Exercise
Transcribe the entries exactly. Omit the pictures.

Source material

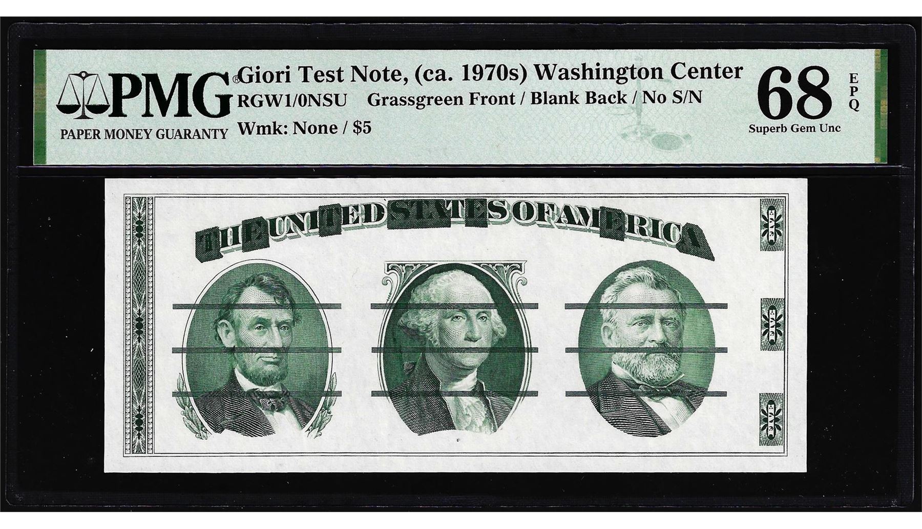 Circa 1970's Washington Center Giori Test Note PMG Superb Gem Uncirculated 68EPQ
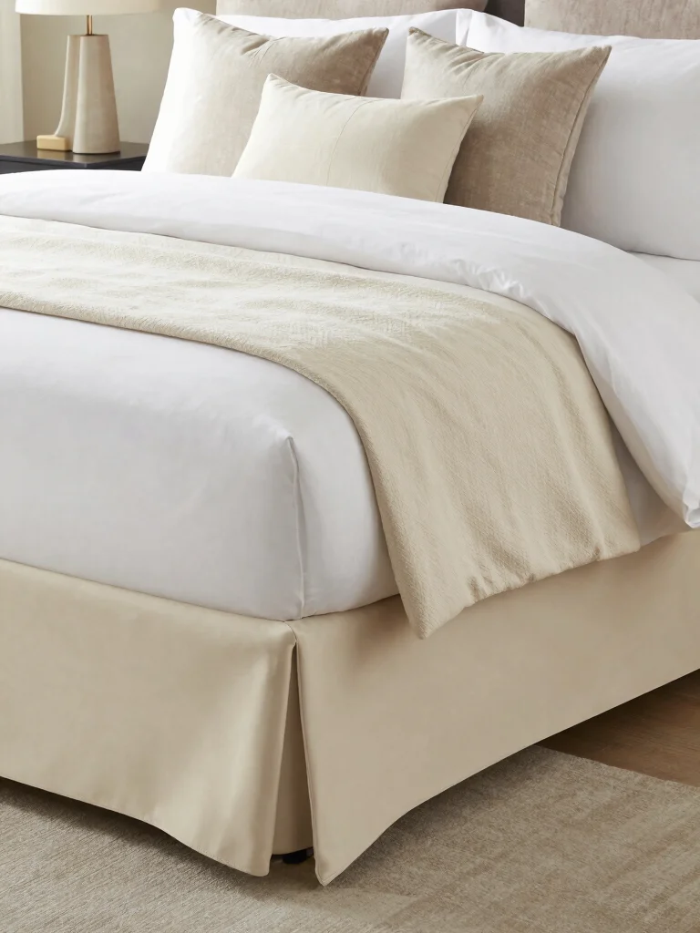 A bedskirt can dramatically enhance your bedroom’s polished look while conveniently hiding under-bed storage. It adds an elegant touch that completes your hotel-style decor.
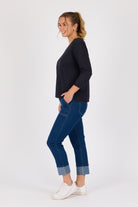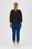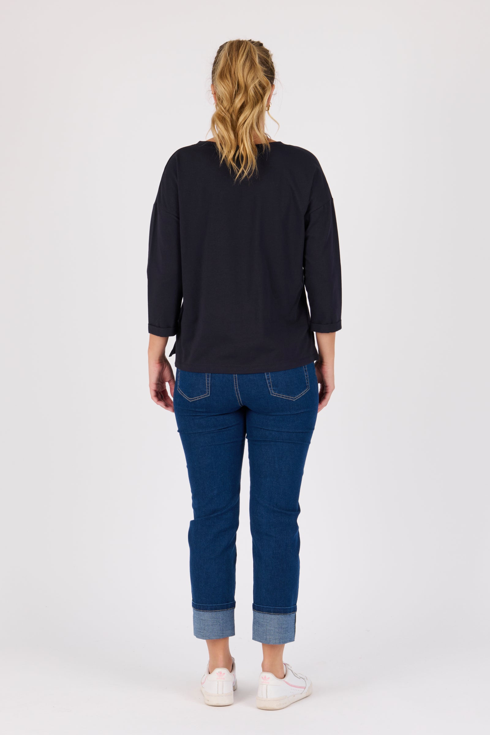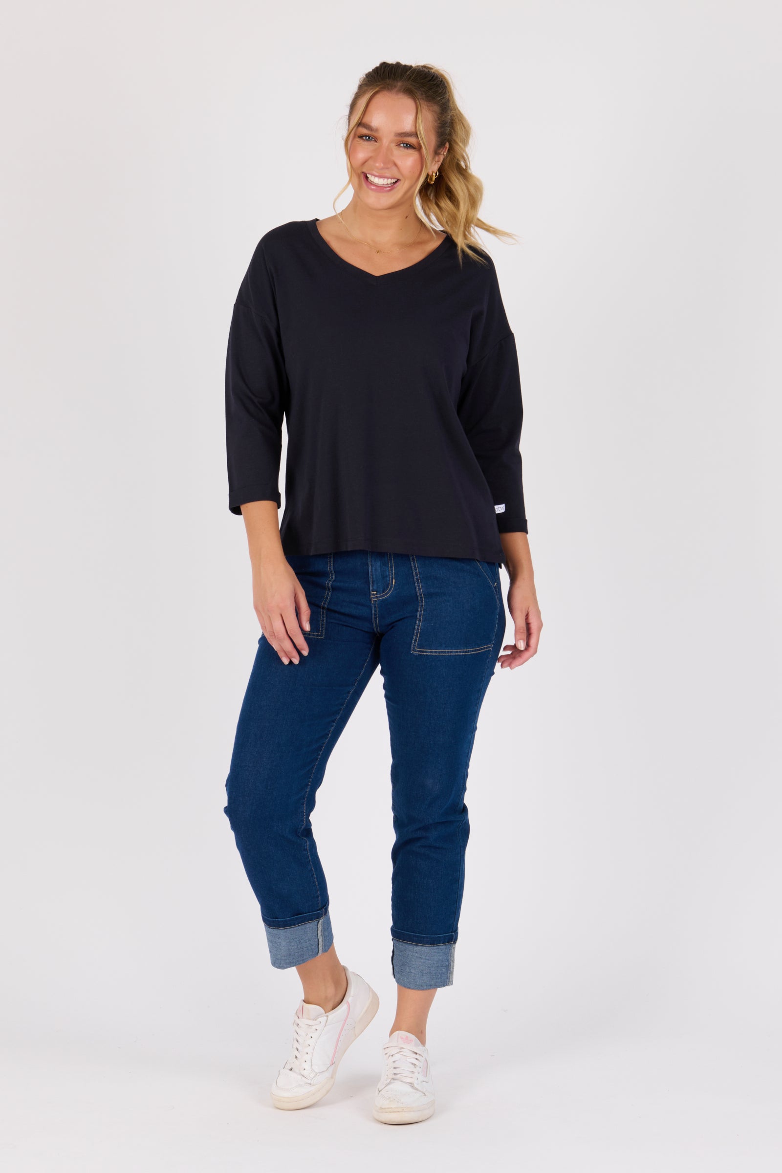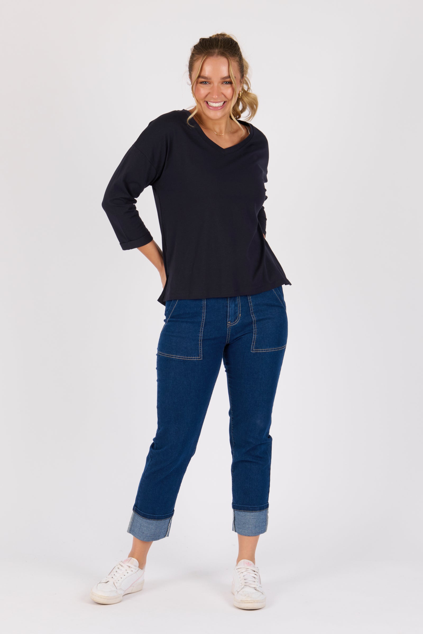 V-Neck 3/4 Sleeve Top - Blue Graphite
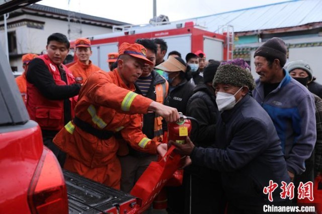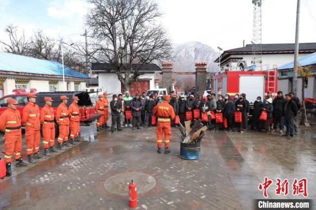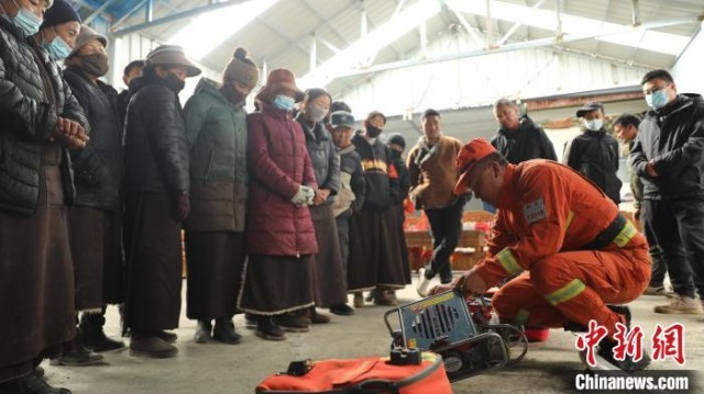 中新网拉萨2月14日电 (西绕拉翁 袁勇彬)“这个装备叫什么名字?这个家伙上山打火好使吗?”面对眼前“新奇”的装备,扑火队员们个个都是“打破砂锅问到底”。“这个是super325水泵,相比Flypark水泵体积小、重量轻、便于上山携带,而且工作时间长,是我们扑救森林火灾完成各项救援任务的重要“武器”。二级消防士洛桑顿珠面对民众的提问知无不言。以上是林芝市森林消防支队巴宜区中队消防救援人员在为地方护林员讲解灭火装备性能及灭火装备操作方法。
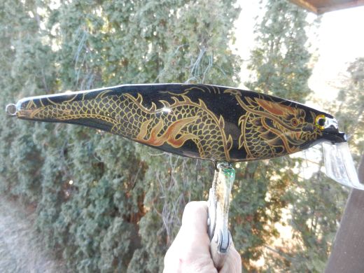 More Muskie Fishing -> Basement Baits and Custom Lure Painting -> Black Dragon shad
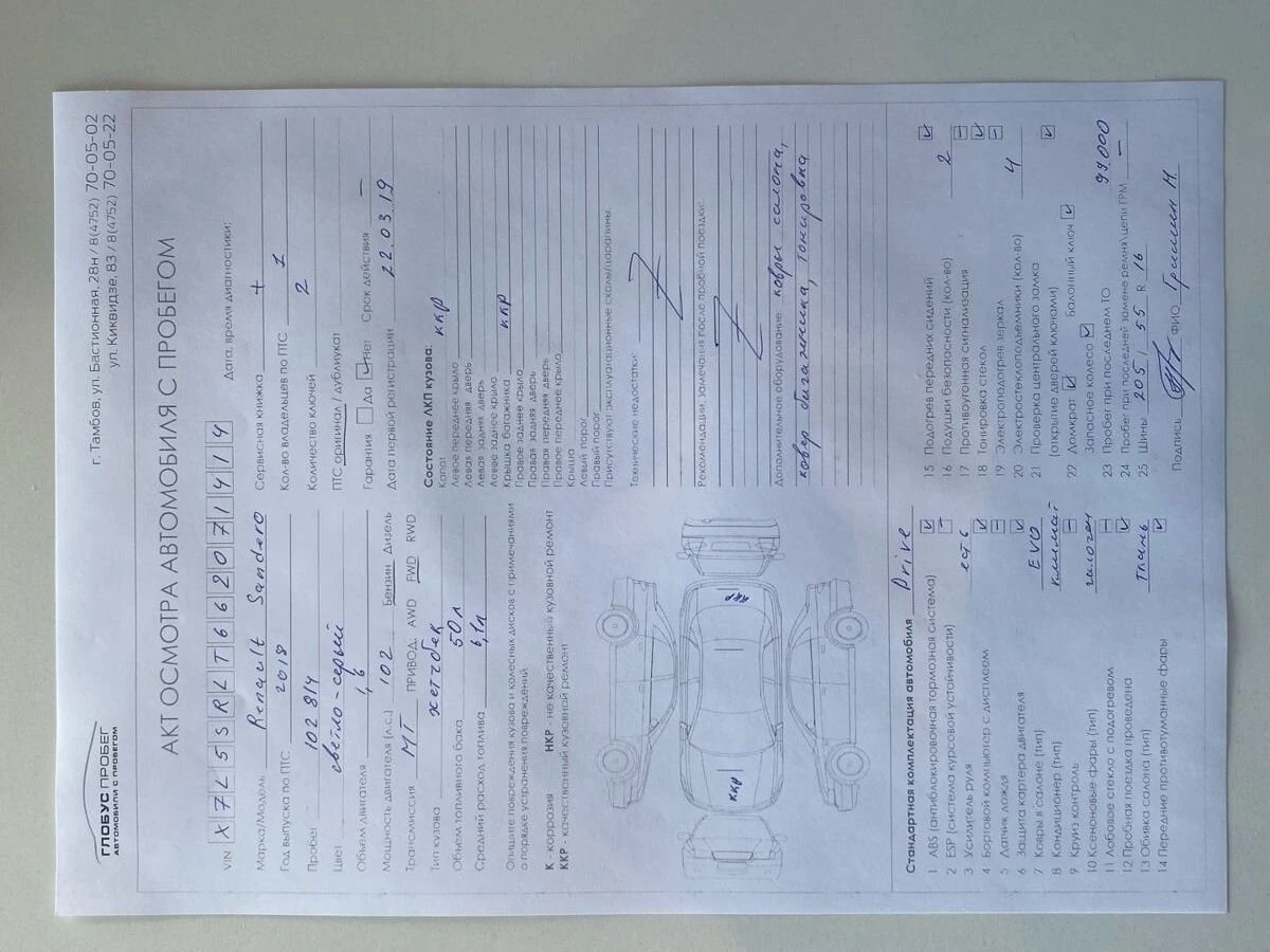 Состояние авто:

Exercise result
 Circa 1970's Washington Center Giori Test Note PMG Superb Gem Uncirculated 68EPQ
 A bedskirt can dramatically enhance your bedroom’s polished look while conveniently hiding under-bed storage. It adds an elegant touch that completes your hotel-style decor.
 V-Neck 3/4 Sleeve Top - Blue Graphite
 中新网拉萨2月14日电 (西绕拉翁 袁勇彬)“这个装备叫什么名字?这个家伙上山打火好使吗?”面对眼前“新奇”的装备,扑火队员们个个都是“打破砂锅问到底”。“这个是super325水泵,相比Flypark水泵体积小、重量轻、便于上山携带,而且工作时间长,是我们扑救森林火灾完成各项救援任务的重要“武器”。二级消防士洛桑顿珠面对民众的提问知无不言。以上是林芝市森林消防支队巴宜区中队消防救援人员在为地方护林员讲解灭火装备性能及灭火装备操作方法。
 More Muskie Fishing -> Basement Baits and Custom Lure Painting -> Black Dragon shad
 Состояние авто:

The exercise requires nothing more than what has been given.